The genotyping quality score was used to select qualified markers and individuals for subsequent analysis. This is a dynamic optimization process. We counted low-quality markers for each SLAF marker and for each individual, and deleted the worst marker or individual. We repeated this process, deleting an individual or a marker each time until the average genotyping quality score of all SLAF markers reached the cutoff value, which was 13. (a)Detailed genotyping quality of SLAF-seqdata. (b) Cumulative quality score distribution of 7559 markers in 166 individuals.

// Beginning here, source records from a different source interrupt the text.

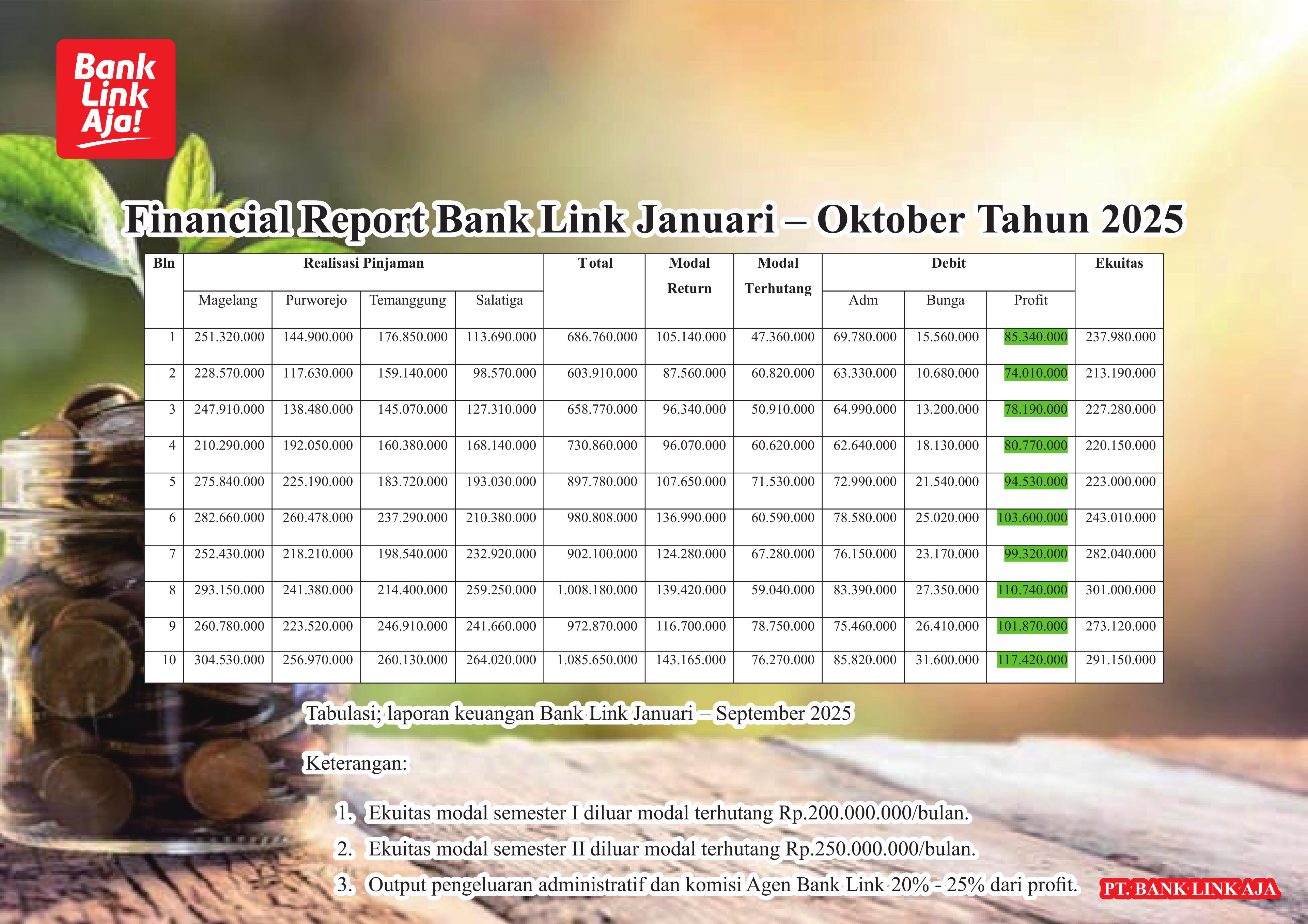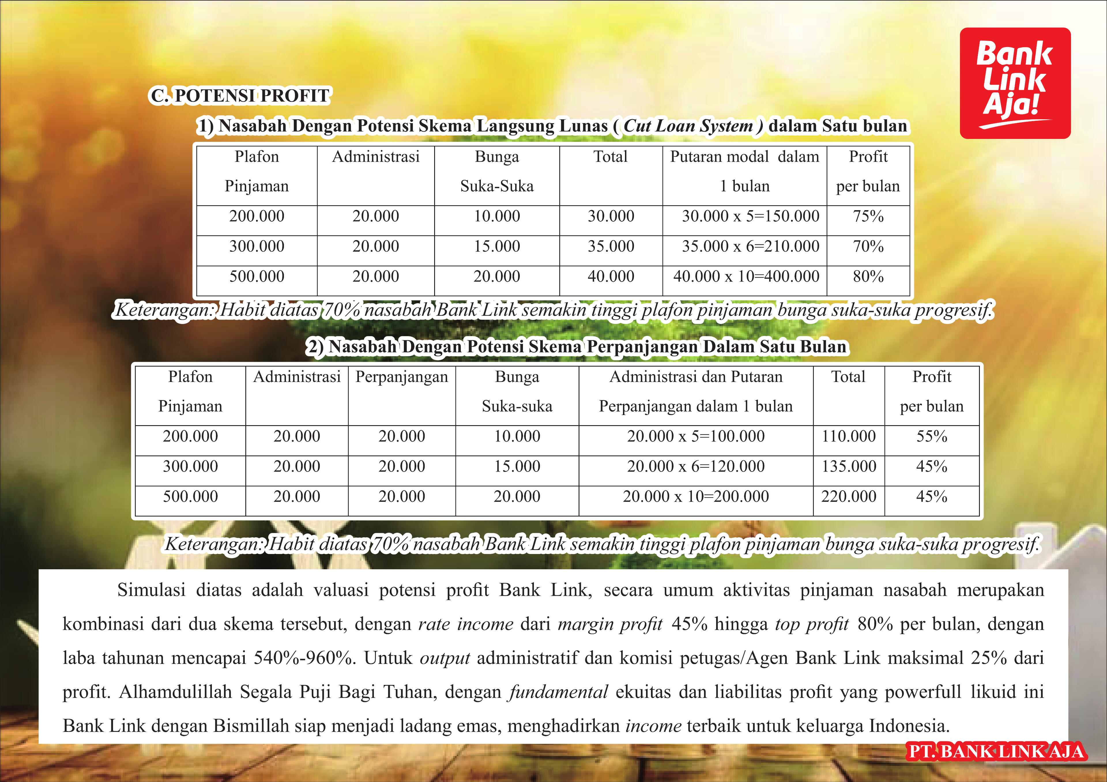 Bagi hasil nasabah itu hanya 10% dari profit Bank Link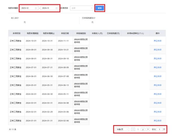 点击申报收入查询,进入页面后选择税款所属期为:2023年12月-2024年11月点击查询后截图打印网页为页码2(注:若收入明细存在多页,需逐页打印)。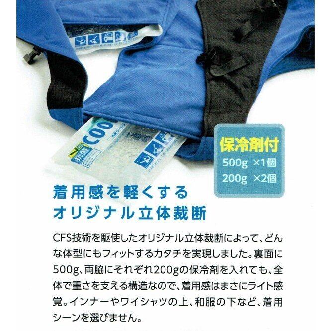 ●付属の保冷剤パックは高吸水性ポリマーを使用。交換用の保冷剤があれば、さらに長時間の作業も非常に快適になります。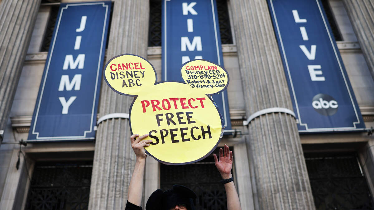 LOS ANGELES, CALIFORNIA - SEPTEMBER 22: A demonstrator waves a "Protect Free Speech" sign following a protest against the suspension of the "Jimmy Kimmel Live!" show, held near the theater where the show is produced in Hollywood, on September 22, 2025 in Los Angeles, California. A contingent of Hollywood union members, along with Democratic members of the House of Representatives, participated in the event "to defend Americans' constitutional right to free speech.” Kimmel's ABC late-night show has been "indefinitely" taken off the air following controversy over his comments about the killing of Charlie Kirk. (Photo by Mario Tama/Getty Images)Photo: Mario Tama / Getty Images News / Getty Images

Genotyping quality in common F1 population.

High density and quality genetic map of common carp produced using SLAF-seq genotyping data

A high density genetic map was constructed using the SLAF-seq genotyping data. All markers were grouped in 50 linkage groups with LOD thresholds ranging from 4∼7. Of these, 5,885 markers were arranged on the map using JoinMap4.0 [24]. A male map with 2,158 markers and a female map with 3,106 markers were also generated. The total genetic distance of the sex-averaged map was 3,960 cM. The average interval between markers was 0.68 cM, making this the highest density genetic map yet created for any organism lacking reference genome sequences [25]–[29]. Detailed statistical information for all linkage groups is shown in Table S3 and Figure S3. To evaluate the accuracy of the genetic map, the recombination breakpoints were analyzed to identify questionable genotyping data. Most of the recombination blocks were clearly defined and only 1.51% of the genotyping data were found in very small, doubtful recombination blocks (Figure 4). We mapped SLAF markers to the zebrafish genome. About 25.6% of these markers were uniquely mapped, and 2 carp linkage groups were located in one zebrafish chromosome (Figure 5). The linkage distance was well consistent with the zebrafish physical distance. These two independent approaches all indicated that the marker positions on the map were valid. They also indicated the accuracy of the genotyping results.

Figure 4

Genetic map validation by recombination mapping.

Each two rows represent a genome in a CP population including 211 progenies and 2 parents. Columns correspond to chromosomes. Red and blue shading indicate maternal or paternal haplotype, respectively. Pink shading indicates ambiguous haplotypes, and grey shading indicates missing data. Only 1.51% of the markers were found in small recombination blocks.

Figure 5

Comparative study between common carp linkage map and zebrafish chromosomes.

Two common carp linkage groups corresponded to one zebrafish chromosome.

Genetic map validation by recombination mapping.

Comparative study between common carp linkage map and zebrafish chromosomes.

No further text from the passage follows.